In Belgium, a political crisis erupted because of disagreements concerning the migration agreement, the ruling coalition collapsed - the New Flemish Alliance party left. However, the Belgian Prime Minister Charles Michel and his party "Reformist Movement" (Wallonia) declared that Belgium will support the agreement on migration. Against the background of this cabinet crisis the Flemish Interest party (Vlaams Belang) invited to Brussels Steve Bannon, who once served under president Donald Trump as the main strategist of the White House, and Marine Le Pen to discuss joint measures to fight against the Marrakesh Agreement.

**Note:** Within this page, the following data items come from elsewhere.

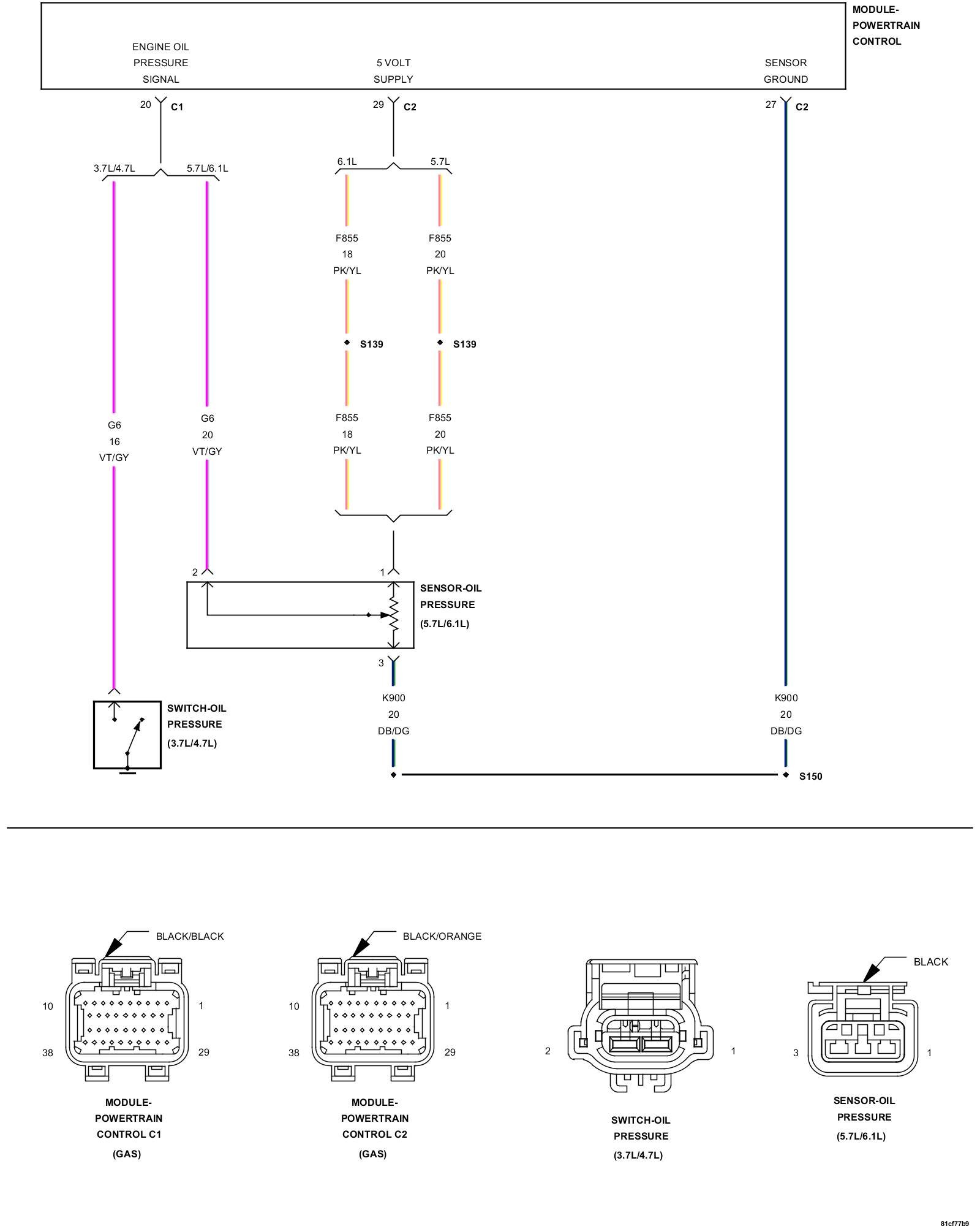 1. Using the wiring diagram/schematic as a guide, inspect the wiring and connectors between the Engine Oil Pressure Sensor and the Powertrain Control Module (PCM).
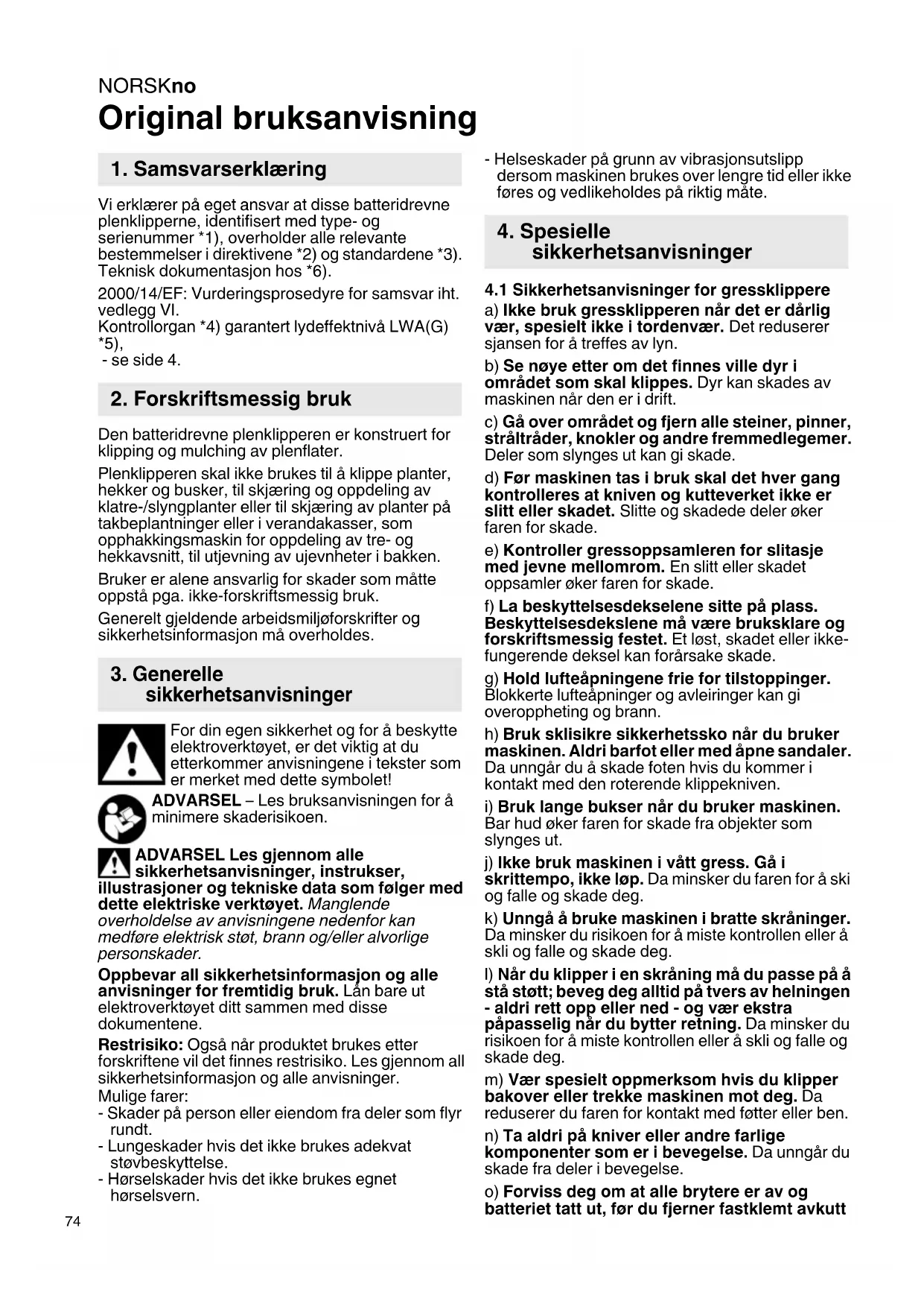 Original bruksanvisning Vi erklærer på eget ansvar at disse batteridrevne plenklipperne, identifisert med type- og serienummer *1), overholder alle relevante bestemmelser i direktivene *2) og standardene *3). Teknisk dokumentasjon hos *6). 2000/14/EF: Vurderingsprosedyre for samsvar iht. vedlegg VI. Kontrollorgan *4) garantert lydeffektnivå LWA(G) *5), - se side 4. Den batteridrevne plenklipperen er konstruert for klipping og mulching av plenflater. Plenklipperen skal ikke brukes til å klippe planter, hekker og busker, til skjæring og oppdeling av klatre-/slyngplanter eller til skjæring av planter på takbeplantninger eller i verandakasser, som opphakkingsmaskin for oppdeling av tre- og hekkavsnitt, til utjevning av ujevnheter i bakken. Bruker er alene ansvarlig for skader som måtte oppstå pga. ikke-forskriftsmessig bruk. Generelt gjeldende arbeidsmiljøforskrifter og sikkerhetsinformasjon må overholdes. For din egen sikkerhet og for å beskytte elektroverktøyet, er det viktig at du etterkommer anvisningene i tekster som er merket med dette symbolet! ADVARSEL – Les bruksanvisningen for å minimere skaderisikoen. ADVARSEL Les gjennom alle sikkerhetsanvisninger, instrukser, illustrasjoner og tekniske data som følger med dette elektriske verktøyet. Manglende overholdelse av anvisningene nedenfor kan medføre elektrisk støt, brann og/eller alvorlige personskader. Oppbevar all sikkerhetsinformasjon og alle anvisninger for fremtidig bruk. Lån bare ut elektroverktøyet ditt sammen med disse dokumentene. Restrisiko: Også når produktet brukes etter forskriftene vil det finnes restrisiko. Les gjennom all sikkerhetsinformasjon og alle anvisninger. Mulige farer: - Skader på person eller eiendom fra deler som flyr rundt. - Lungeskader hvis det ikke brukes adekvat støvbeskyttelse. - Hørselskader hvis det ikke brukes egnet hørselsvern. - Helseskader på grunn av vibrasjonsutslipp dersom maskinen brukes over lengre tid eller ikke føres og vedlikeholdes på riktig måte.
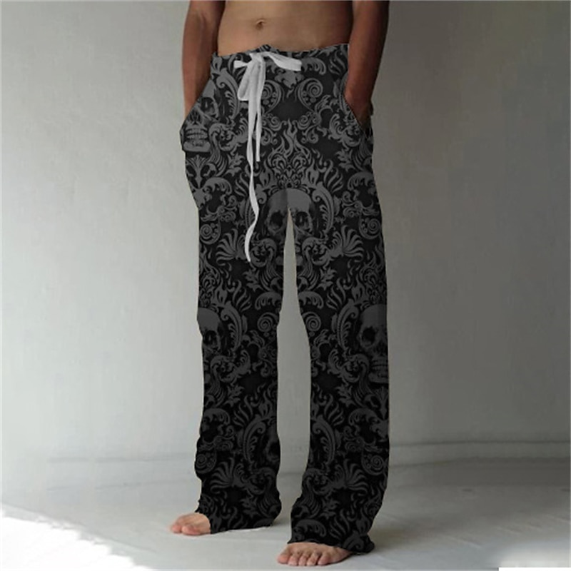 Men's Trousers Summer Pants Beach Pants Drawstring Elastic Waist Front Pocket Graphic Skull Comfort Soft Casual Daily Fashion Designer 1 2 11

In Switzerland the Marrakesh Agreement also became a subject of heated political debates. The right-wing considers that the migration agreement can "blur the border between lawful and illegal migration and undermine the country's sovereignty". The head of faction of the Swiss People's Party in parliament Thomas Aeschi is convinced that the provisions of the agreement, although it has no legal force, will be integrated into the national legislation sooner or later. The leader of the French "National Rally" Marine Le Pen is also afraid of this. She laughs at attempts to present this agreement as legally optional: "It is a lie! The text of the agreement will gain judicial legitimacy and will become obligatory for all who signed it".

And it is unlikely that Steve Bannon's statement that "the global Marrakech Agreement on migration died before it was signed" reflects the real situation. On December 19th the vast majority of European countries will vote for this document. And here we remember the very sharp words said in 2003 by the Russian writer and Slovak public figure Sergeĭ Khelemendik addressed to Europe:
"Our well-fad European brothers ... have already ended their existence in history, they are already non-existent... The Babylonian mixture of people on the streets of their cities only begins. So far they don't understand what has happened. They already don't understand at all that there are no democratic, or at least peaceful, solutions... That's all. And here is the promised decline of Europe".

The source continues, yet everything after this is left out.